El alcohol, a veces, los hacía alucinar y de estas reuniones surgieron algunos mitos como el de unos extraños seres que tenían piernas de mujer y cabeza de pejerrey y que con su mirada cortaban la mayonesa. O la de “Lagunito”, una especie de monstruo antediluviano que salía del agua y escupía el asado.

En una de esas noches el juez Esponso advirtió al grupo sobre un detalle que no se había tenido en cuenta aún: que ciudades vecinas, como Chacabuco, tenían escudo y Junín no.
- ¿Cómo es el escudo de Chacabuco?- lo interrogó Don Verbeno.

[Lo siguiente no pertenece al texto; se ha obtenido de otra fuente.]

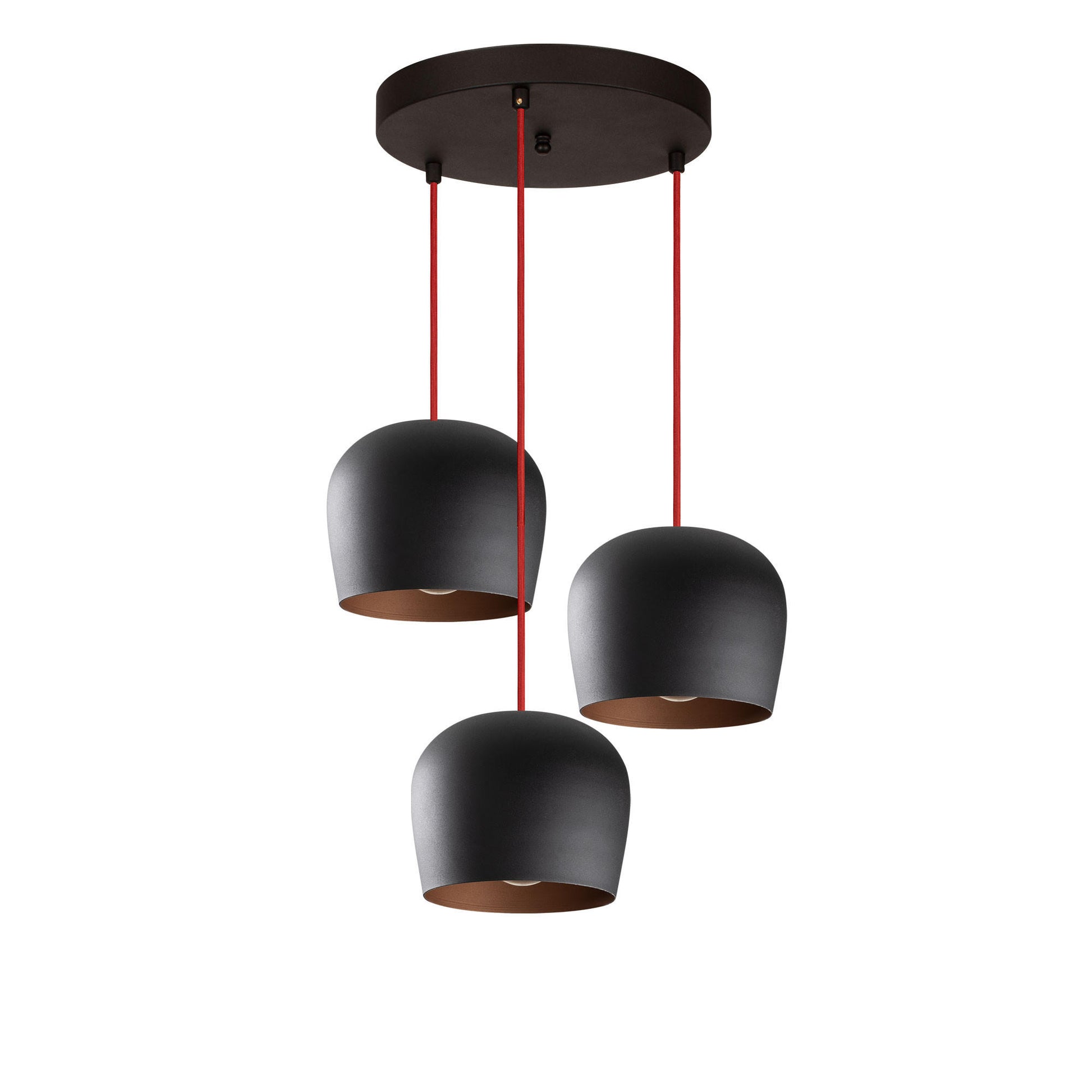 Candeeiro de Teto Industrial Moderno, Preto e Vermelho, 48 cm de Diâmetro, 111 cm de Altura | Corpo em Metal, 3 Soquetes E27, Iluminação Elegante para Casa e Escritório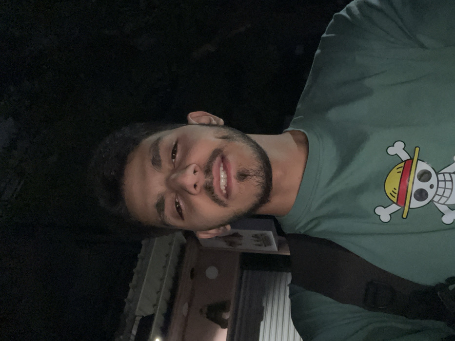 A young adult male, presumed to be in the As-Salihiya Municipality, Syria, is depicted in a close-up, dimly lit, frontal portrait taken at night. The subject has dark hair, a goatee, and stubble along his jawline, with prominent dimples on both cheeks. He is wearing a dark teal or green short-sleeved t-shirt featuring a "One Piece" Jolly Roger graphic, depicting a skull and crossbones adorned with a straw hat. A dark-colored backpack strap is visible over his left shoulder. He exhibits a slight smile, revealing his upper teeth, and is looking directly at the camera. The background, largely obscured by darkness, shows a portion of a building to the subject's left, identifiable by a corrugated metal roof, a closed storefront with a metallic rolling shutter, and an overhead light fixture. The overall scene suggests an urban or semi-urban outdoor setting illuminated by artificial light sources.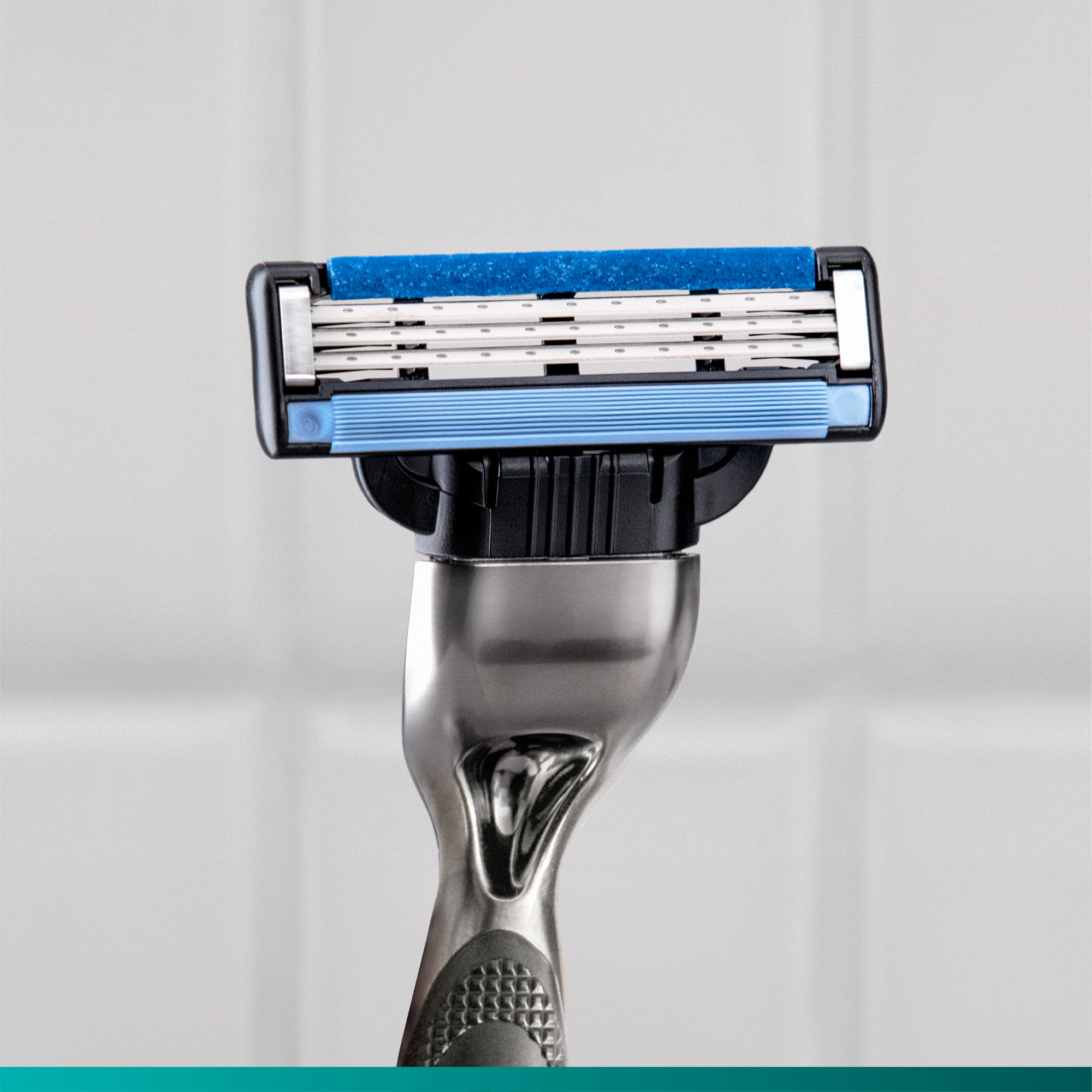 Mniej podrażnień po goleniu. Maszynka do golenia z 3 ostrzami i udoskonalonym paskiem nawilżającym dla gładszego golenia* (* w porównaniu z poprzednią maszynką Mach3)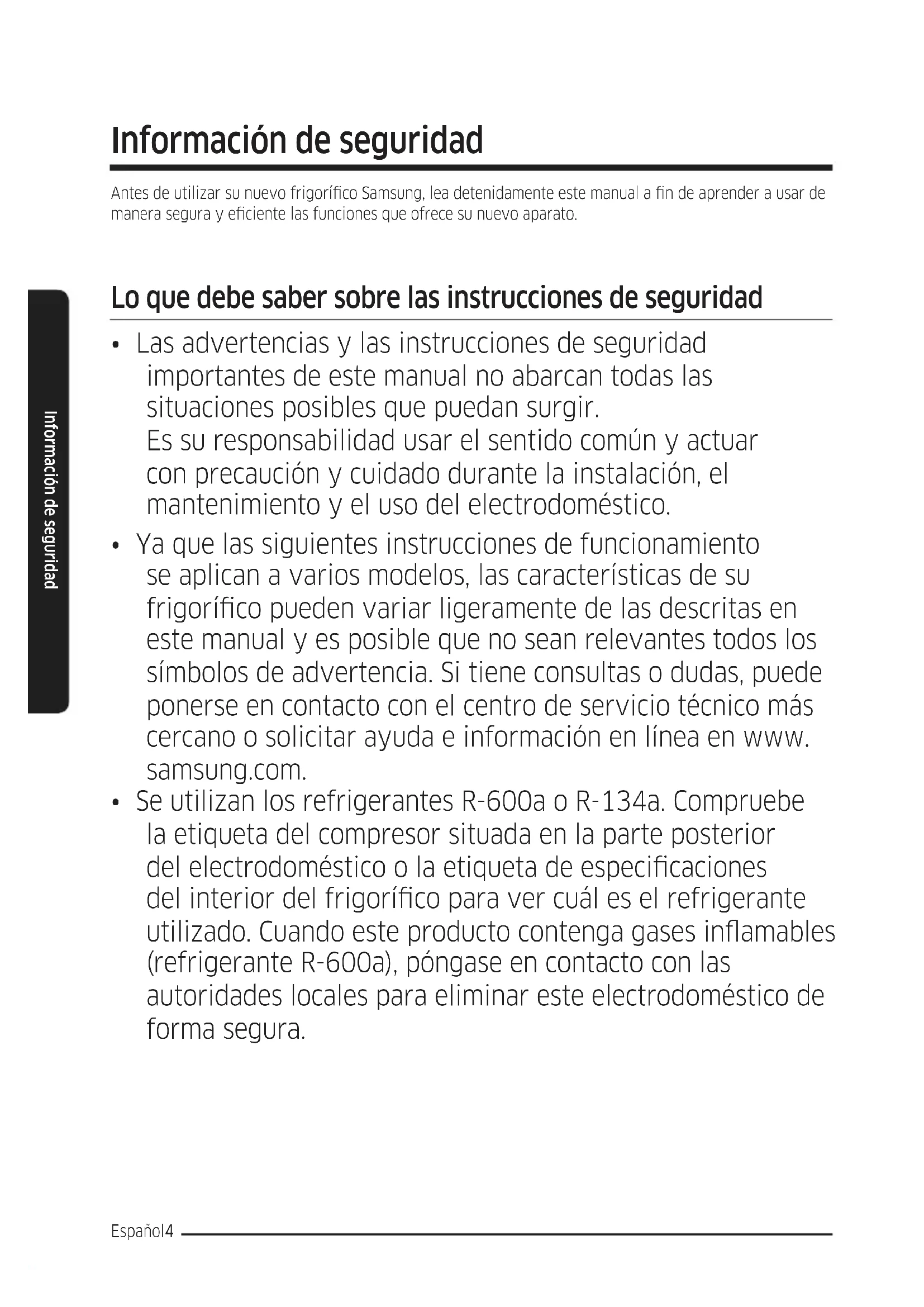 Chamada para a rede xa nacional Dias úteis das 9h às 20h www.samsung.com/pt/support SPAIN 91 175 00 15 www.samsung.com/es/support DA68-04756A-00Frigoríco Manual del usuario Electrodoméstico independienteEspañol2 Índice Índice Información de seguridad 4 Lo que debe saber sobre las instrucciones de seguridad 4 Símbolos y precauciones de seguridad importantes: 7 Precauciones de seguridad importantes 8 Señales de advertencia importantes sobre el transporte y la ubicación 12 Advertencias de instalación muy importantes 13 Precauciones de instalación 17 Advertencias de uso muy importantes 17 Precauciones de uso 23 Precauciones de limpieza 26 Advertencias de eliminación muy importantes 28 Consejos adicionales para un uso correcto 29 Instrucciones sobre los RAEE 31 Instalación 32 Descripción general del frigoríco 32 Instalación paso a paso 34 Funcionamiento 48 Panel principal 48 Ajuste de la temperatura o función 50 Cambio de la escala de temperatura 51 Activar o desactivar la máquina de hielo (solo modelos aplicables) 51 Activa o desactiva la wi 52 SmartThings 53 Características especiales 56 Mantenimiento 59 Manipulación y cuidado 59 Limpieza 63 Recambio 64 Solución de problemas 65 General 65 ¿Se oyen ruidos anómalos procedentes del frigoríco? 68 SmartThings 70 Apéndice 71 Instrucciones de seguridad 71 Instrucciones de instalación 71 Instrucciones sobre la temperatura 72 Información para el modelo y el pedido de piezas de repuesto 75Español 3 Índice Open Source Announcement 76Español4 Información de seguridad Antes de utilizar su nuevo frigoríco Samsung, lea detenidamente este manual a n de aprender a usar de manera segura y eciente las funciones que ofrece su nuevo aparato. Lo que debe saber sobre las instrucciones de seguridad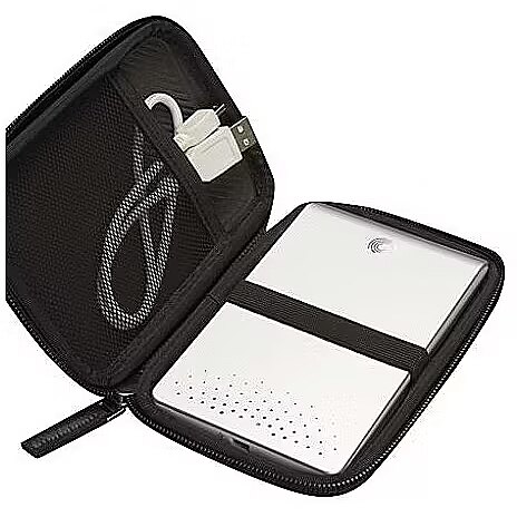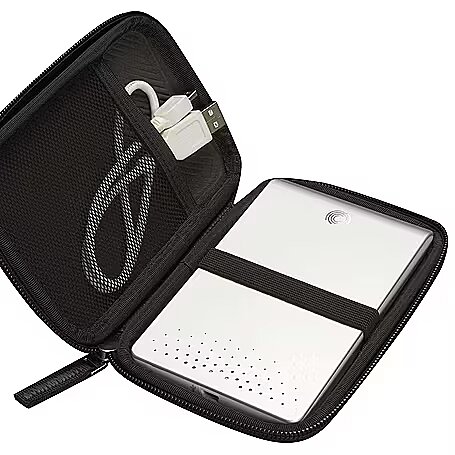 Other features > Special features - • Crush-resistant molded EVA protects portable hard drive• Interior elastic strap to secure portable hard drive in place• Inner pocket storage for cord• Zippered closure• Unique ribbed molding details on exterior & interior• Fits most 2.5” portable hard drives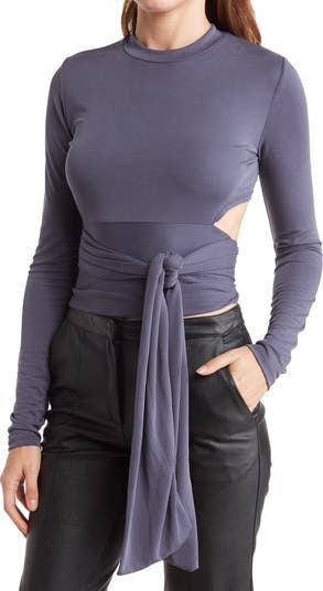 A wrap detail gives a striking appearance to a long sleeve top cut from irresistibly soft knit fabric.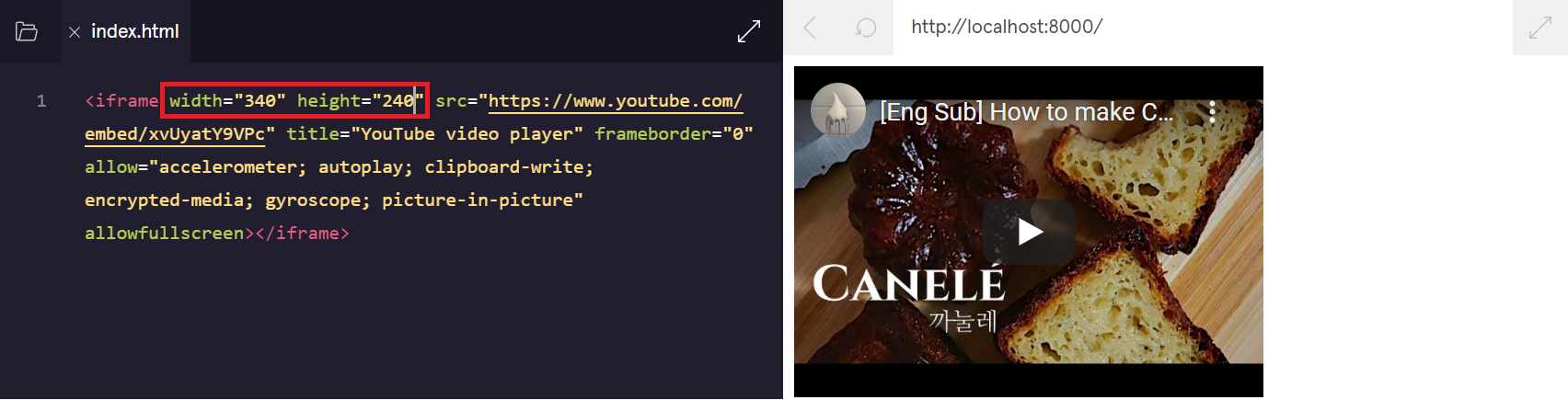 - width는 동영상의 가로 크기, height는 세로 크기를 나타냅니다. 최적에 동영상 크기를 알아보고 싶다면, 구글에 동영상 크기라고 검색하면 상세히 나와 있습니다.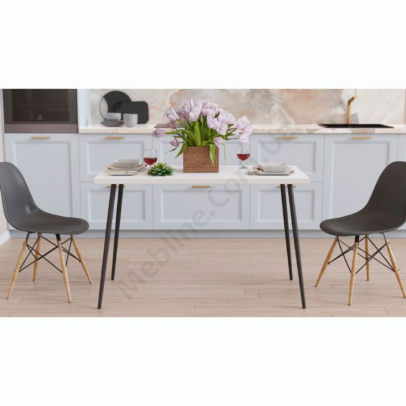 Нерозкладний обідній стіл на тонких металевих ніжках.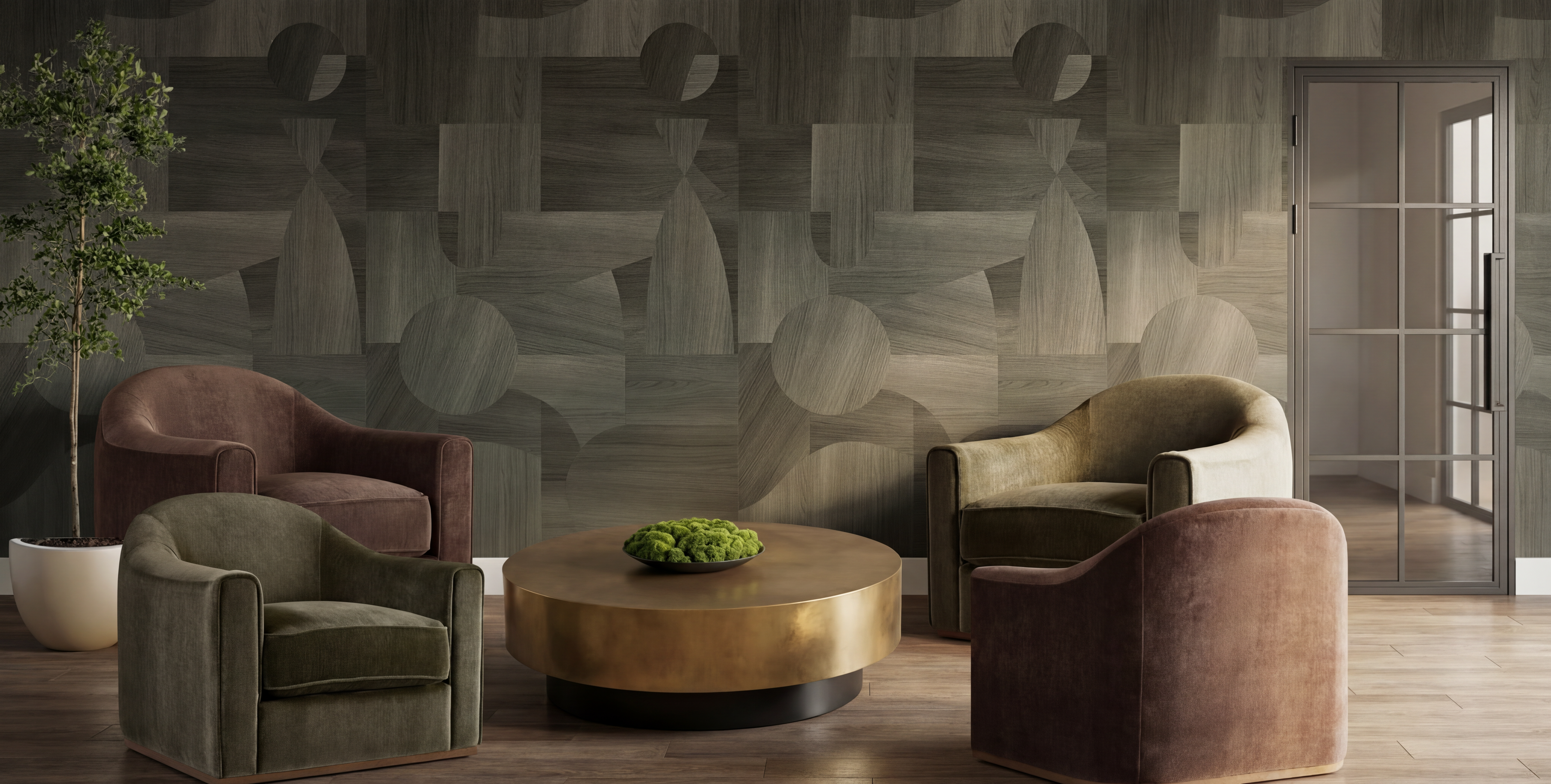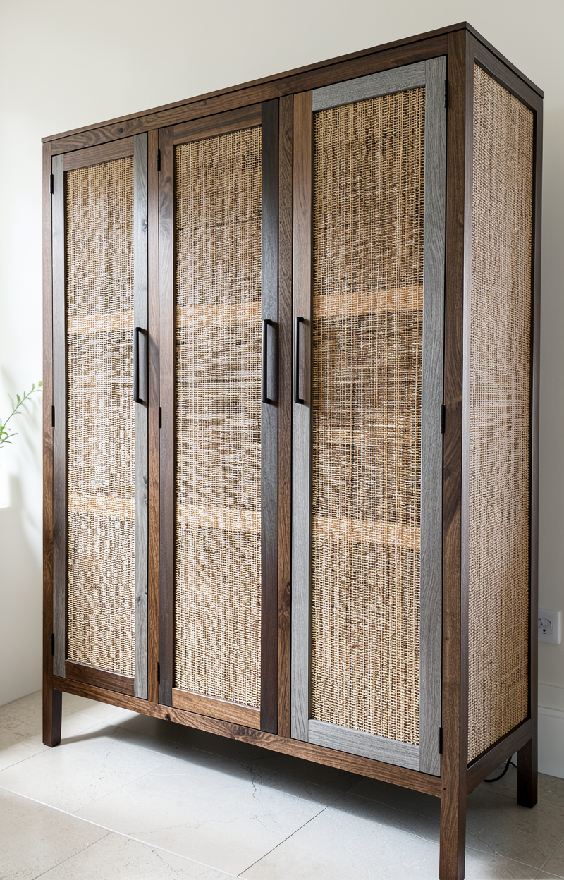 this is a wall in a hallway mudroom with beautiful natural stained knotty walnut cabinets there is a nice modern 2 step crown molding along the top of the cabinets all the handles are a brushed brass the open spaces to the right have a coat hanger in each the floor is a beautiful hard wood there is lots of natural light coming from the right out of frame

- Una porquería. Un sol, una cintita argentina y un riacho celeste.

- ¡Tenemos que tener el nuestro!- reclamó Peña Escudero.

Rápidamente se pusieron de acuerdo acerca de las cosas que tenía que tener el escudo de Junín: la gorra de Don Verbeno, el ancla en forma de “J”, la laguna con la corriente de Copello, el embudo, los fierros del seis y la torre del molino.

- ¡Y el Napia!- anexó Petaco.

Fratachini, que también se daba maña para dibujar, realizó un bosquejo con el que todos estuvieron satisfechos.

Al día siguiente fue Watson el encargado de llevarle el proyecto al presidente del Honorable Concejo Deliberante.

- No podemos aprobar esto- Fue la respuesta del edil.

- Su hijo tiene muchas multas- dijo el policía.

- Bueno, no al menos así.

Dos semanas después, con algunas mínimas modificaciones, el escudo fue aprobado por unanimidad. A la gorra la transformaron en un quepis, la laguna en un campo argentino, la torre en un mangrullo, el embudo en un clarín, los hierros en lanzas, el ancla en una “J” hecha arado y al Napia en un sable.